Principal Doris Turner, the first principal since the consolidation, retired in 2011.

In 2017 the school scheduled a renovation of the high school area, refurbishing the electrical systems and installing solar panels.

A new elementary school building in West Point was completed in 2019.

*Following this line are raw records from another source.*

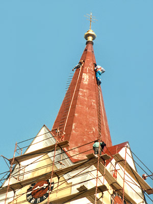 Ausgeführte Arbeiten: Dachreparatur des Kirchturmes. Die verwitterte Farbe des
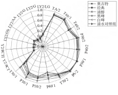 不同啤酒鴨在電子鼻各個傳感器上的響應(yīng)值如圖1所示,在T30/1、P10/1、P10/2、P40/1和T70/2這五個探頭上,啤酒鴨的響應(yīng)值存在明顯差異。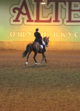 Мы доехали!!!! Ура!!!! Без сбоев, без закидваний и везде по буквам. Я кинулась хвалить коня, он кинулся к выходу. Тренера кинулись к нам с криками :"Шагом выходи!!!!" В общем в порыве всеобщего счастья мы не услышали ничего и со слезами радости вылетели прямо в руки Сергея и Ольги Николаевны.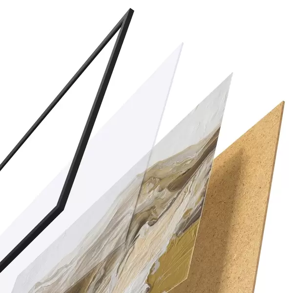 Das Poster besteht aus einem Rahmen, Plexiglas, einem gedruckten Bild und einer Rückwand aus Spanplatten. Dank der Halterungen auf der Rückseite kann das Poster sofort an die Wand gehängt werden.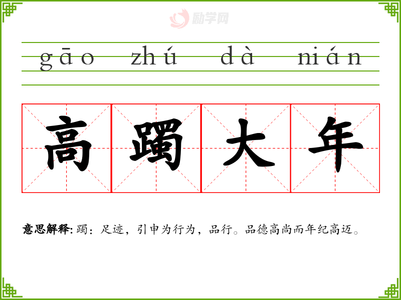 高躅大年的意思是:躅:足迹,引申为行为,品行。品德高尚而年纪高迈。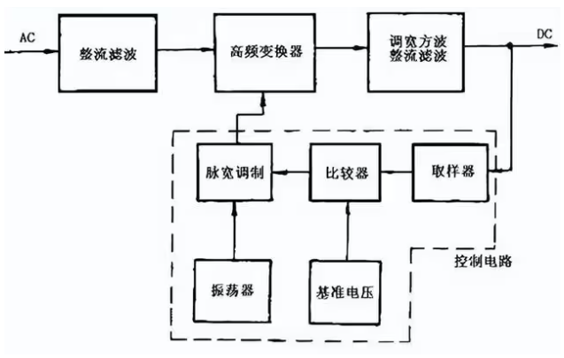 开关型直流稳压电源它的电路型式主要有单端反激式、单端正激式、半桥式、推挽式和全桥式。它和线性稳压电源的根本区别在于电路中的变压器不工作在工频而是工作在几十千赫兹到几兆赫兹。功率管不是工作在线性区,而是饱和及截止区,即工作在开关状态;开关型直流稳压电源也因此而得名。开关电源大致由主电路、控制电路、检测电路、辅助电源四大部分组成。

Previously a preschool was in St. Paul.

==Athletics==
The Crusaders compete in the Southeast Iowa Superconference (South Division), in the following sports:

- Boys' & Girls' Cross country
- Girls' Volleyball
- Boys' & Girls' Basketball
- Boys' & Girls' Golf
- Girls' Softball

The Crusaders send their athletes to Fort Madison to compete in the Southeast Conference in the following sport(s):

- Boys' Baseball
- Boys' & Girls' Wrestling
- Boys' & Girls' Track and field
- Boys' & Girls' Soccer
- Boys' & Girls' Tennis

The Crusaders send their athletes to Keokuk to compete in the Southeast Conference in the following sport(s):

- Boys' & Girls' Bowling
The Crusaders send their athletes to Burlington to compete in the Southeast Conference in the following sport(s):
- Boys' & Girls' Swimming
For American Football, the Crusaders send their athletes to Central Lee to compete in Iowa Class 2A District 6 (As of 2025).